Dude then went off on some broken tirade about ‘inverted composition’, ‘crossed color palettes’ and a whole slew of other ‘breaking the paradigm of the rule of threes’ or something equally over-my-head but still bankrupt-sounding. I stopped listening after the second time he readjusted his ponytail. Fucking trees.
To the landfill.
I wish I could take back that moment, say nothing to the guy about his precious arbor photos, and just not tip.
PREFERRED LANDFILL MOMENT THREE
About ten years back, I was ordering a scoop of Sweet Cream ice cream with strawberries mashed within, at the Amy’s Ice Cream in the Arboretum with my ex-girlfriend. She was a feisty bird who LOVED to squabble in public. You know the type. “Why you always gotta get strawberries, huh? What are you, gay? Plus you know I’m allergic, you dick.”
There’s a photo booth in just about every Amy’s, and this one was steady busy with teens cramming five people in there on laps, showing off their braces and whatnot.

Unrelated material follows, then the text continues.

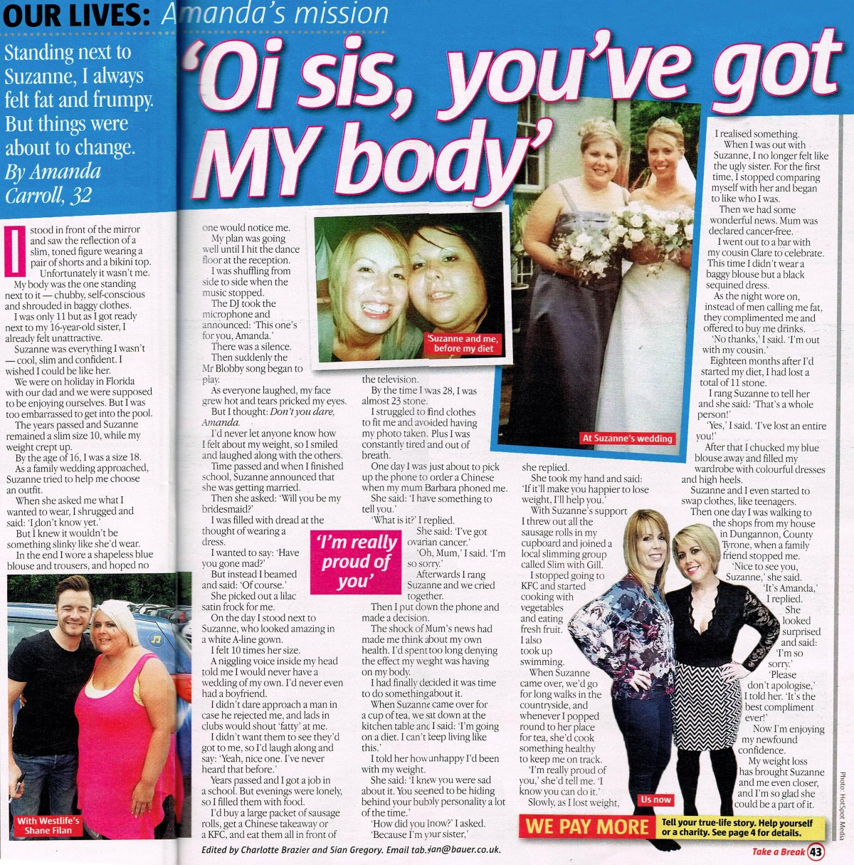 Amanda had always admired her slim sister, Suzanne. The two were inseparable, but at 23 stone and a size 28, Amanda always felt like the ugly sibling. Men called her ‘fatty’, and a DJ dedicated the Mr Blobby song to her at a family party. But after their mum was diagnosed with cancer, Amanda realised she was putting her health at risk and made the decision to lose weight. With her sister’s support, she cut back on snacks and went on long country walks. Eighteen months later, she’s shed an incredible 11st and her and Suzanne are closer than ever. In fact, people even get them mixed up!

So, with cone in hand, my lady and I got in line, got in the booth, and proceeded to have the most awesome fist fight ever recorded on four stills. I don’t remember the cause, I only remember the aftermath:
She had to have a piece of her left knee used in the reconstruction of her nose.
I’m like a Thai boxer in tight spaces.
And just before I completely blacked out from severe blunt force trauma (her hams against my head), Sweet Cream and strawberries all over everything, I noticed that my torn left ear had fallen into my lap.
That’s right. She beat my face until my goddamn ear fell off.
We were so in love.
Yes, I just made that last moment up. It just rolled right out of my imagination like that. But if it had happened, I would seriously want to drop that memory off in a landfill somewhere. But I’d keep the photos. You know, for posterity.